The business doesn’t have clarity on what they are trying to achieve. Or they don’t have clarity on what’s important, and constantly change priority (and both of these can cause the most talented engineer to spin their wheels).
LLMs can help gain clarity, the same way a coach, consultant, or therapist can help you work through a scenario. But it’s only as effective as the work you’re willing to put into that endeavor.
So it comes down to:
* Nothing has changed regarding the nature of human work ethic
* Most people don’t want to be a programmer. The idea that ”everyone’s a programmer now” is no different than saying ”everyone’s a carpenter now” because power tools exist. Most people don’t want to do that kind of work and are happy to pay someone else to do it.
I don't personally know anyone trying to use more fancy tools like agents or ide-integrated helpers. They're not perfect by any means and you actually need to learn how to use them well, but the difference is massive. I've definitely saved some hours when developing smaller scope tools. It's not a time save that would drastically change my total productivity, but... it exists and it's going to increase in the future. And it requires upfront investment into the tooling and learning that few people seem to be interested in.
But even given current issues, how can you tell there hasn't been an improvement? How would you be able to tell across all the open source in the world?
Here are some significant productivity gains I get from Mistral/Phind/ChatGPT/office-internal-llm daily.
- throw a messy shell script and ask it to refactor it(works 80% of the time)
- put a sample xml/json/yaml and ask it to generate the class/struct (code generation)
- ask questions and it gives immediate response with example more well suited to my need (previously took time to go into SO/Reddit/SE etc and scroll through several posts, docs or even waste time reading blogspams )

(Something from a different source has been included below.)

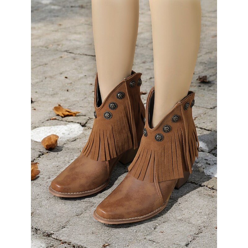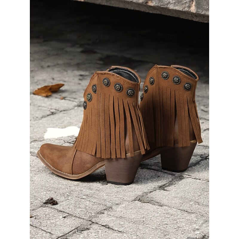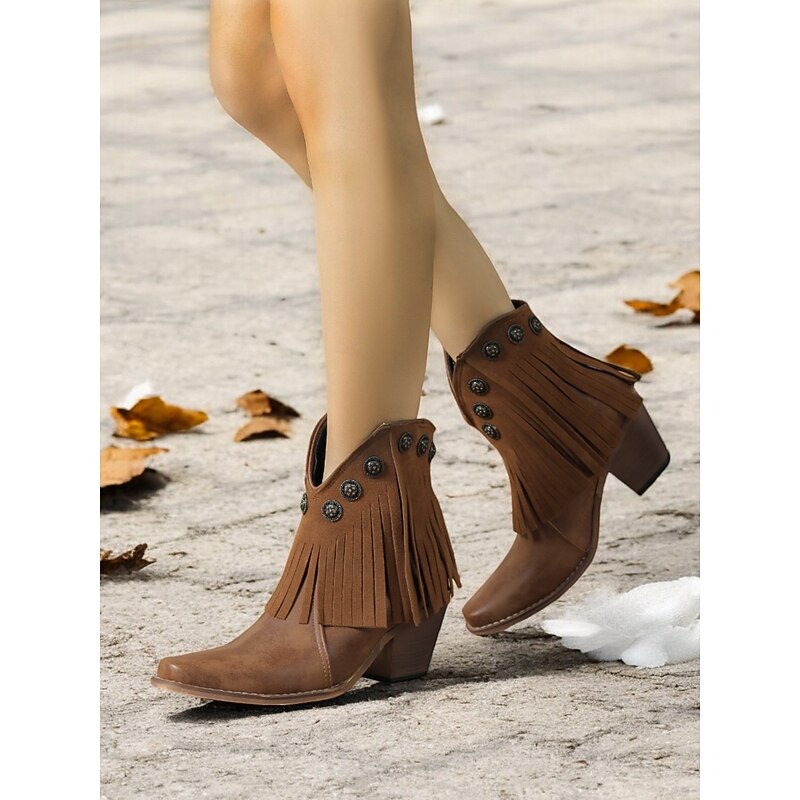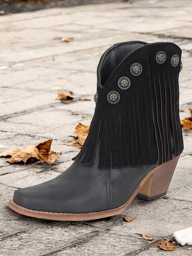 Highlights [Fabric] These Women's Black Fringe Western Ankle Boots are crafted from high-quality PU leather, providing a durable and sophisticated finish. The synthetic leather and textile lining materials add comfort and longevity, making these boots a great choice for both style and wearability across multiple seasons including spring, fall, and winter. [Fit] With a mid-height chunky heel, these boots offer both stability and comfort, making them suitable for a variety of occasions. The square toe shape provides a modern touch to the vintage cowgirl booties, enhancing both comfort and style for all-day wear. [Design Highlights] A standout feature of these boots is the decorative leather fringe that cascades from the top, offering a bohemian elegance. Additionally, the ornamental metal studs along the upper part add a touch of rustic charm, while the loafer closure type adds convenience to the design. [Occasions] Perfect for daily wear, work, casual outings, and festival wear, these boots seamlessly blend Western-inspired style with contemporary fashion. They are an excellent choice for both casual and semi-formal settings. [Size Notice] These boots are available in a range of sizes to suit your needs, from US5.5 to US10.5, ensuring you find the perfect fit. Designed to fit standard size guidelines, it's recommended to select your usual size for the best fit.

- ask questions about specific topic and get immediate response and citations(this is inhouse trained model) instead of fighting with broken search or ocean of messy documents in Confluence/Notion/Gitlab Pages and what not
- rubber duck when brainstorming a problem(it can sometimes lead to interesting outcomes)
- prepare a bash script to do something and then I simply modify/correct/refine it to fit my needs
- questions about trivial stuff
- generate boiler plates
- generate a throw away project to try something fast
- convert from one language to another(need to work with different teams using different languages such as TS/Java/C++/Scala/Python/Shell/Rust/Erlang etc)
- write a polite email(or response to) which I can copy paste and send when I am too occupied with something else
- documentation of specific feature of something which would take a lot of digging in the original docs
- generate a pure self-contained html/css prototype to send to our UI/UX team to give them an idea of particular concept
- summarize large block of text into bullet forms(useful for presentations)
- get summaries of popular books(because chatgpt has indeed trained on a lot of them somehow!)
- translate a text to another language(works well when it does but still needs some corrections)
Most of these activities save me a lot of time which would previously need some big time investments.